One type of "invisibility" I had never considered until I became a _Ghost in the Shell: Stand Alone Complex_ fan is the hacking of augmented reality systems. That is, everyone in this story has a cyberbrain implant that, among other things, can display data directly in the user's field of view. (Consider the translation service in *Word Lens*.) In the "Laughing Man" story arc, a computer hacker committed a "crime" in broad daylight in the middle of a crowded city plaza, yet no one saw the perpetrator's face because he arranged to hack all their cyberbrains and mask his face with a logo that earned him his nickname. (Actually, this is similar to any number of action movies where someone injects video of an empty room into the feed of a security camera, as in the movie _Entrapment_. The only difference is no one expects their own eyes to be overtaken that way.)
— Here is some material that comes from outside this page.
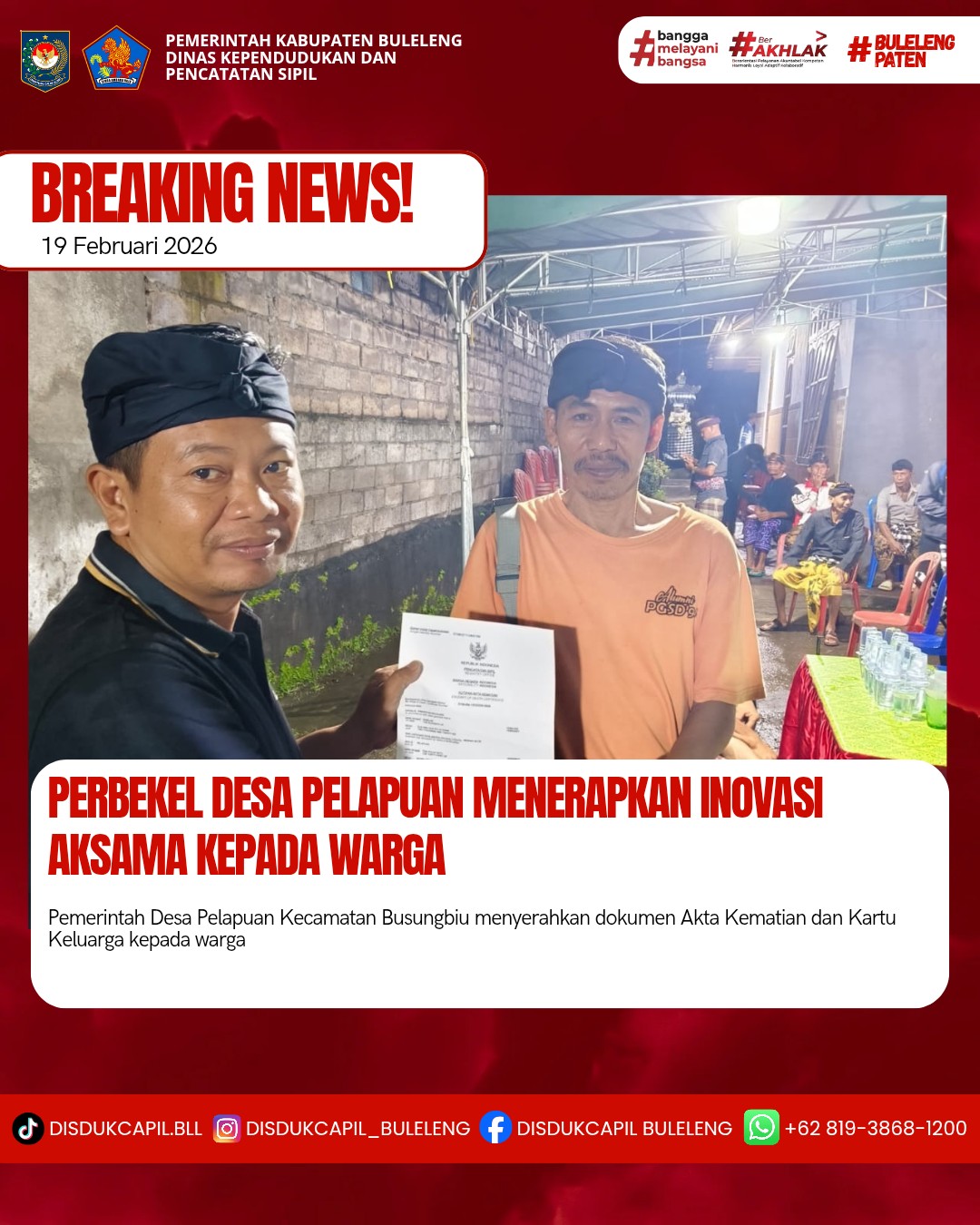 Pemerintah Kabupaten Buleleng melalui Dinas Kependudukan dan Pecatatan Sipil (Disdukcapil) Kabupaten Buleleng memaksimalkan serta mempermudah pelayanan kependudukan masyarakat dengan beberapa inovasi, yakni BALITA (Bayi Lahir Berakta), NYAKSI (Menyerahkan Akta Kawin Saat Acara Perkawinan) dan AKSAMA ( Akta Kematian Diserahkan Saat Masih Berduka) melalui aplikasi Aku Online. Di Desa Pelapuan Kecamatan Busungbiu, telah diterapkan program Aksama (Akta Kematian Diserahkan Saat Masih Berduka) yang dilakukan secara langsung oleh Perbekel Desa Pelapuan Gede Agus Armika Yasa dengan menyerahkan Akta Kematian atas nama Nengah Sutri dan Kartu Keluarga kepada keluarga almarhum di Desa Pelapuan Kecamatan Busungbiu, Kamis (19/2).

Perhaps invisibility is a wild goose chase. Stage magicians already know how to distract us, and special ops commandos already know how to "turn invisible" and slide through key holes. In other words, whatever the job, there is probably a far less costly way of getting something done than bending light over backwards to make a completely seamless and reliable invisibility screen.


----------



## Vertigo (Sep 8, 2011)

I tend to agree with you there Metryq, in that this kind of dynamic camouflage seems to me to fundamentally unworkable. About the only way I could see it working would be to mimic the surroundings. So if you are in a jungle you will look like jungle "stuff". This is not invisibility, just much better dynamic camouflage, making it easier to blend into the background. The only other way I could see invisibility being achieved would be some kind of lens effect that "bends" light around you from any direction. Even if there was some sort of (portable) physics that would allow this, it would seem to present a problem of not letting the person inside actually see anything outside!


----------